如果您正在開發 dApp，您將無權存取使用者的私鑰。相反，您可以使用 starknet.js 程式庫對訊息進行簽署。該程式碼將與瀏覽器錢包（通常是 ArgentX 或 Braavos）互動以對訊息進行簽署。您可以在 https://signatures.felts.xyz 找到現場演示。以下是使用瀏覽器錢包在 TypeScript 中簽署訊息的簡化程式碼（完整程式碼可在 GitHub 儲存庫中找到）：

import { connect } from "get-starknet";

const starknet = await connect(); // Connect to the browser wallet

const messageStructure: TypedData = {
    types: {
        StarkNetDomain: [
            { name: "name", type: "felt" },
            { name: "chainId", type: "felt" },
            { name: "version", type: "felt" },
        ],
        Message: [{ name: "message", type: "felt" }],
    },
    primaryType: "Message",
    domain: {
        name: "MyDapp",
        chainId: "SN_MAIN",
        version: "0.0.1",
    },
    message: {
        message: "hello world!",
    },
};

// skipDeploy allows not-deployed accounts to sign messages
const signature = await starknet.account.signMessage(messageStructure, { skipDeploy: true });

一旦訊息被簽名，就會以r、s、v的形式獲得簽名。 v值是恢復 id，可用於從簽章中復原公鑰（更多資訊請參閱維基百科） ）。然而，除非事先知道簽署者的公鑰，否則不能完全信任此復原過程來驗證簽章。 r和s值是用來驗證簽章的簽章值。

重要提示：根據瀏覽器錢包的不同，簽章可能只會傳回 r 和 s 值。 v 值並不總是提供。

Verifying a Signature

To verify a signature, the public key is required from a cryptographic perspective. However, due to Account Abstraction in Starknet, access to the public key is not always available. Currently, the public key cannot be retrieved through the browser wallet. Therefore, two methods are distinguished for verifying a signature: using the user's public key (if available) or using the user's address (i.e., account smart contract address).

Using the User's Public Key

If the user's public key is available, the signature can be verified using the public key. Here is the code to verify a signature.

TypeScript:

// following the previous code
const isValid = ec.starkCurve.verify(signature, messageHash, fullPublicKey)

Go:

// following the previous code
isValid := curve.Curve.Verify(hash, r, s, starknetPublicKey, pubY)

Using the User's Address

NOTE: This method works only if the user's account smart contract has been deployed (activated) on the Starknet network. This deployment is typically done through the browser wallet when the user creates an account and requires some gas fees. The skipDeploy parameter is specified in the JavaScript code when signing with the browser wallet. The example code provided earlier will not work with signatures different from the browser wallet since a sample private key was used to sign the message.

IMPORTANT: Avoid using your own private key when experimenting with the code. Always sign transactions with the browser wallet.

If the user's public key is not available, the signature can be verified using the user's account smart contract. By the standard SRC-6, the user account smart contract has a function fn is_valid_signature(hash: felt252, signature: Array) -> felt252; that takes the hash of the message and the signature (in the form of an array of 2 felt252 values: r and s) and returns the string VALID if the signature is valid, or fails otherwise. Here is the code to verify a signature using the user's account address in TypeScript and Go.

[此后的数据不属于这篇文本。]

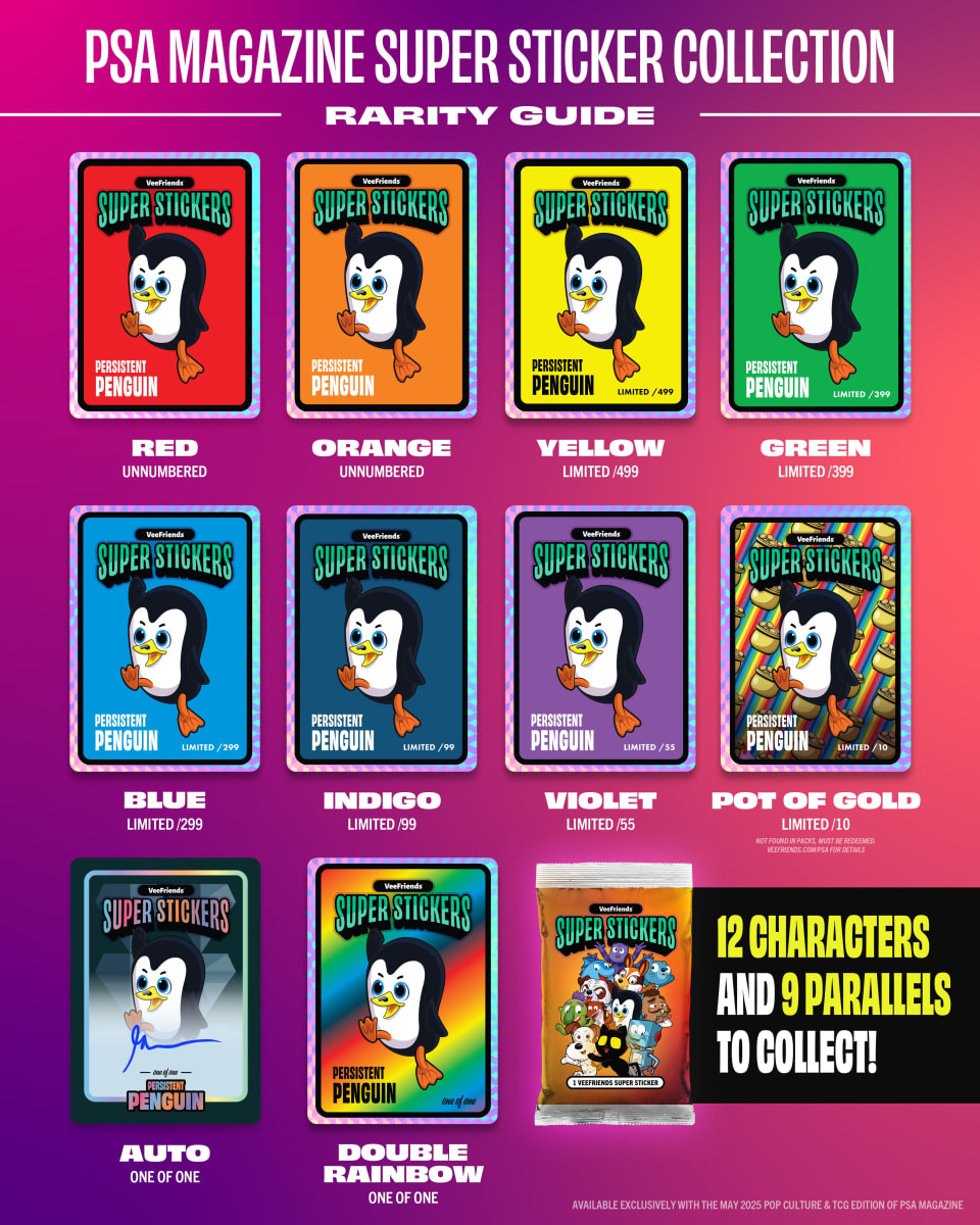 The Super Stickers collection debuted in the May 2025 issue of PSA Magazine, offering collectors a chance to secure exclusive VeeFriends stickers in a range of exciting rarities. Each issue included one Super Sticker featuring 1 of 12 VeeFriends characters, marking a milestone in the VeeFriends collectibles universe.

TypeScript (simplified for readability):

import { Account, RpcProvider } from "starknet";

const provider = new RpcProvider({ nodeUrl: "https://your-rpc-provider-url" });

// '0x123' is a placeholder for the user's private key since we don't have access to it
const account = new Account(provider, address, '0x123')

try {
    // messageStructure and signature are obtained from the previous code when signing the message with the browser wallet
    const isValid = account.verifyMessage(messageStructure, signature)
    console.log("Signature is valid:", isValid)
} catch (error) {
    console.error("Error verifying the signature:", error);
}

Go (simplified for readability):

import (
    "context"
    "encoding/hex"
    "fmt"
    "math/big"

    "github.com/NethermindEth/juno/core/felt"
    "github.com/NethermindEth/starknet.go/curve"
    "github.com/NethermindEth/starknet.go/rpc"
    "github.com/NethermindEth/starknet.go/utils"
)

...

provider, err := rpc.NewProvider("https://your-rpc-provider-url")
if err != nil {
    // handle error
}

// we import the account address, r, and s values from the frontend (typescript)
accountAddress, _ := new(big.Int).SetString("0xabc123", 16)
r, _ := new(big.Int).SetString("0xabc123", 16)
s, _ := new(big.Int).SetString("0xabc123", 16)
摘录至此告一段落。